Читать книгу Татьяна Вергай. Цветы у дороги - - Страница 2

Глава 1

Оглавление

…И если выбирать, то лучшей жизни,

дарованной судьбой, и не сыскать.

Так уж издавна повелось, что даже в самом незначительном обстоятельстве найдется виноватый, и по мне, какой бы карой после провинившийся не отделался, все происходящее не случайно и несет некое знамение.

Мое рождение стало сюрпризом для отца, ожидавшего появления крепкого и здорового четвертого сына. И хотя беременность матери крайне отличалась от двух первых, практически одинаковых по ощущениям, даже намекнуть мужу о возможном крахе его ожиданий она не решилась. Это была катастрофа для всего рода Вергай, кои на протяжении пяти поколений давали миру исключительно сыновей с истинно мужским характером. Отец, властный, самолюбивый и весьма гордый человек богатырского телосложения, категорически отказывался верить, что стал отцом дочери довольно долгое время. Однако отдадим должное целебным свойствам времени: двадцать лет бок о бок примирило с мыслью, что у него растет дочь, глупая и взбалмошная, как и все представительницы женского пола.

Мое детство проходило в деревне В… Омской области, где обосновались родители, приехавшие из Ханты- Мансийского округа в поисках лучшей жизни. Не прошло трех лет после новоселья молодого семейства Вергай, как в район, да и в само В. подались некоторые батюшкины родственники, завороженные описанием красот, перспективами развития и финансового становления.

Улица, на которой проживало довольно молодое поколение взрослых с нередко большим числом детей, готовила первых к терпимости, а последних – к выживанию любой ценой в условиях знакомства с необъятным миром. Не было дня, чтобы потомки не вызвали праведный гнев забывших свое детство родителей. Мы жгли шифер и делали самодельные взрывчатки, поджигали селитру в жестяных банках, прятались в засыпанных почти до краев баках с цементом и кронах высочайших деревьев, росших садом за двором, смешивали табак с фосфором, снятым со спичек, и с невинным взглядом возвращали в отцову пачку, уходили за соседние деревни в поисках новых неизведанных лесов, что мог подарить вкуснейшие ягоды и грибы, иногда ядовитые, и совершенно не понимали холодного приема по возвращению. Как мы выжили – загадка, которая с каждым годом все больше одолевала умы не только наших родителей.

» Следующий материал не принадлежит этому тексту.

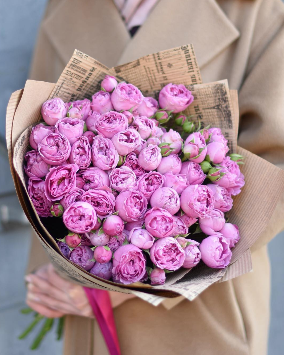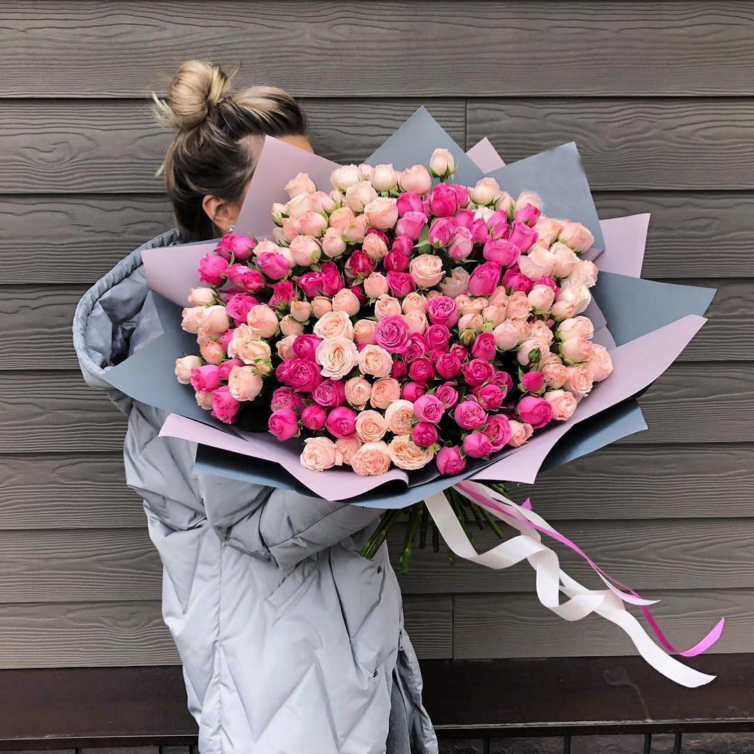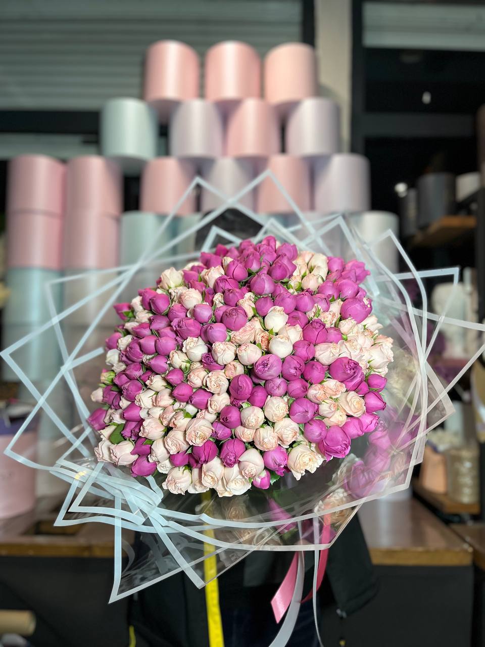 55 роз сорта Misty bubbles и bombastic, лента, дизайнерская упаковка.

Контраст характеров последних давал плодородную почву для развития нравов тех, кто в ней воспитывался. Мать, Екатерина Борисовна, добрая и спокойная, удивительным образом сочетала острый ум, жизнелюбие и расположение к людям, даже тем, кто принадлежал к ним только по физическим составляющим, с простодушием и уверенностью в своей счастливой доле. Отцу вряд ли было достоверно известно, сколько гостей переступило порог дома в момент его отсутствия. Конечно, не без стараний детей удавалось содержать дом в надлежащем порядке и чистоте и иметь на обеды и ужины пару готовых блюд. Словоохотливые добропорядочные соседушки перешептывались, стоило на порог дома в отсутствии отца явиться кому-то из мужчин, но не дай бог им или их близким вдруг почувствовать недуг! Позабыв о порочности «докторихи Вергайки», они спешили к еще недавно оклеветанному двору с таким видом, что сам Господь Бог бы причислил их к лику святых.

И как же разительно отличался характер отца! Долгое пребывание в статусе «единственный ребенок» в семье военнослужащего принесли плоды. С твердостью, упрямством и эгоизмом он унаследовал любовь к доминированию, тщеславие и болезненную гордость. Всю жизнь он посвятил машинам и женщинам, и если делать выбор меж этими двумя столь увлекательными для мужчин интересами, то сложно сказать, от чего отец приходил в больший восторг. Первых боготворил, последних, считая натурами крайне ограниченными и лишенными всяких талантов, воспринимал как средство для удовольствия, а потому часто их переживания и жизнь ни во что не ставил. Он был сдержан, остроумен и разумен при мужчинах, обаятелен, ироничен и заботлив при женщинах. Но то – в обществе. Дома Владимир Сергеевич давал волю тирании, наслаждаясь господством над созданным им семейством.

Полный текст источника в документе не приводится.